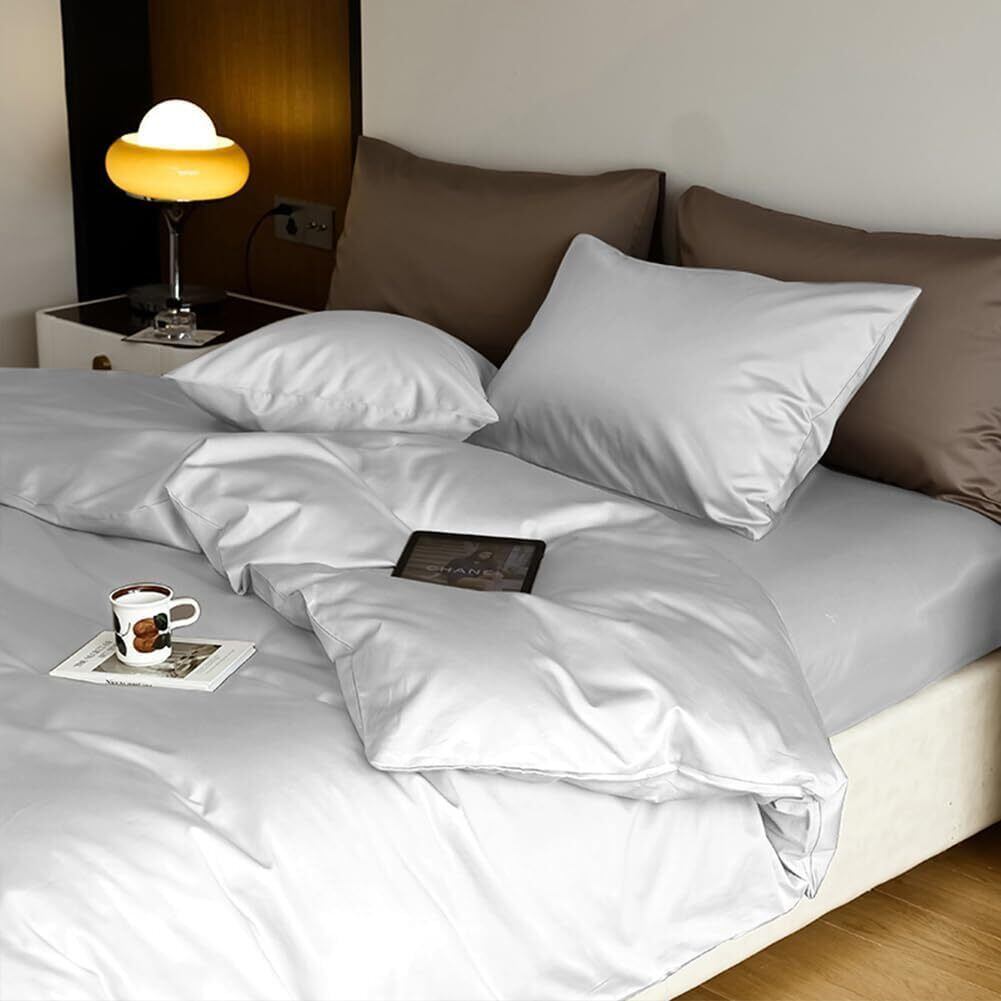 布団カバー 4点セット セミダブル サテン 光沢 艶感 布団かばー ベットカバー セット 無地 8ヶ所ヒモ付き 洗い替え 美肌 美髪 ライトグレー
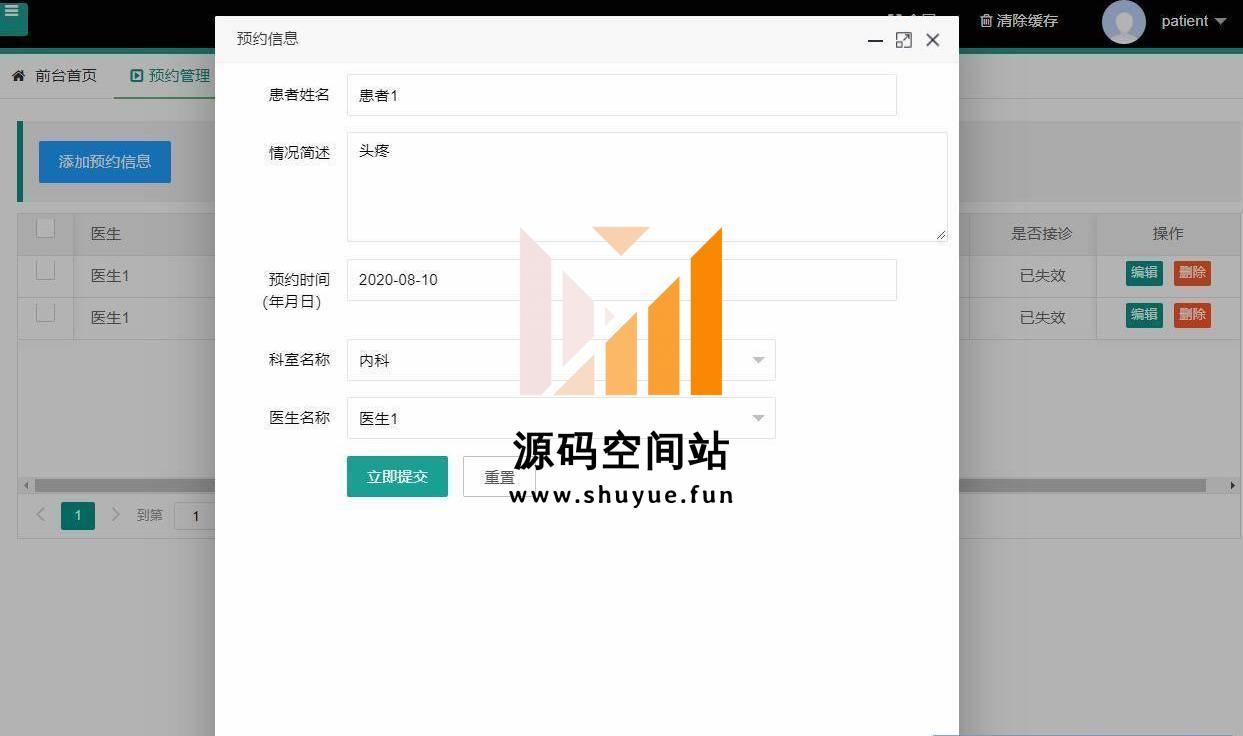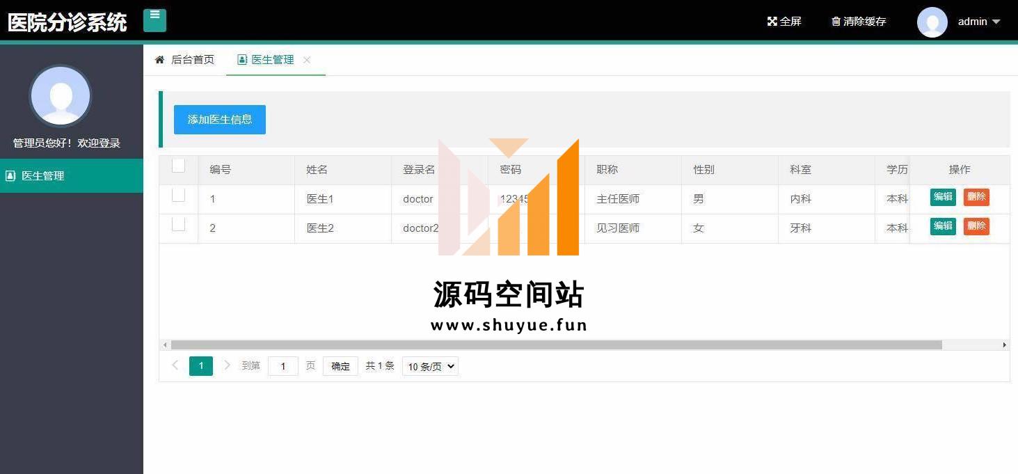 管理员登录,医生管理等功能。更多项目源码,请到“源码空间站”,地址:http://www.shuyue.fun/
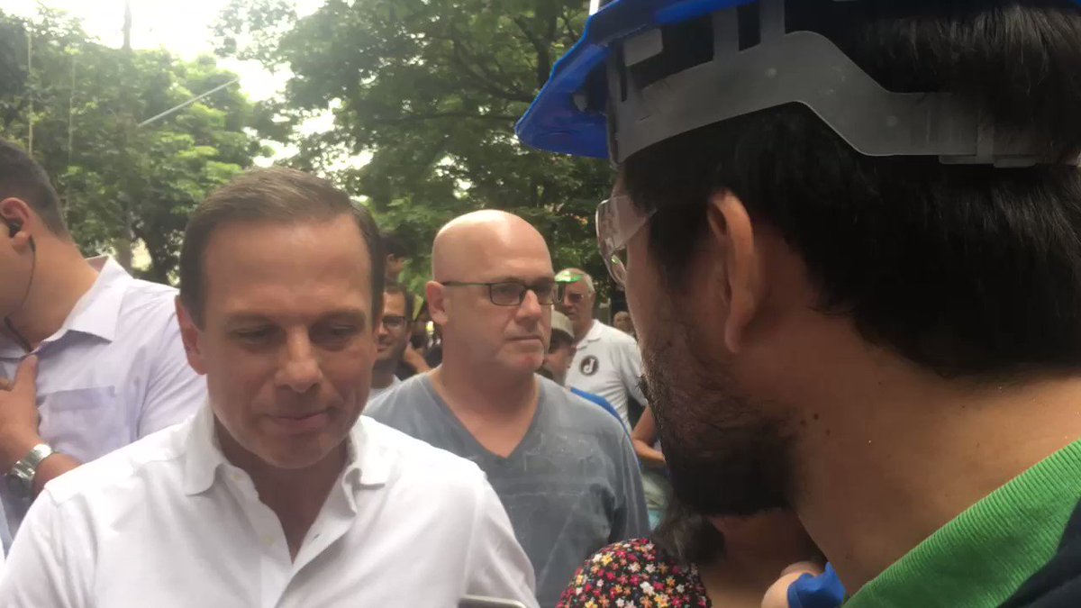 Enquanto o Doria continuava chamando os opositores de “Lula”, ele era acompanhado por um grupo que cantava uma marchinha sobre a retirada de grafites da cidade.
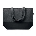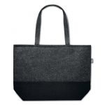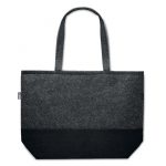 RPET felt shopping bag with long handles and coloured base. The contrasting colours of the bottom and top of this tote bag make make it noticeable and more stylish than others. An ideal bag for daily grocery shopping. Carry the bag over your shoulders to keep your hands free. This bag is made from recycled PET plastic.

☆ ☆ ☆

> _What to do_:
With the pictures omitted, reproduce the data above exactly.

> _Task output_:
 布団カバー 4点セット セミダブル サテン 光沢 艶感 布団かばー ベットカバー セット 無地 8ヶ所ヒモ付き 洗い替え 美肌 美髪 ライトグレー
 管理员登录,医生管理等功能。更多项目源码,请到“源码空间站”,地址:http://www.shuyue.fun/
 Enquanto o Doria continuava chamando os opositores de “Lula”, ele era acompanhado por um grupo que cantava uma marchinha sobre a retirada de grafites da cidade.
 RPET felt shopping bag with long handles and coloured base. The contrasting colours of the bottom and top of this tote bag make make it noticeable and more stylish than others. An ideal bag for daily grocery shopping. Carry the bag over your shoulders to keep your hands free. This bag is made from recycled PET plastic.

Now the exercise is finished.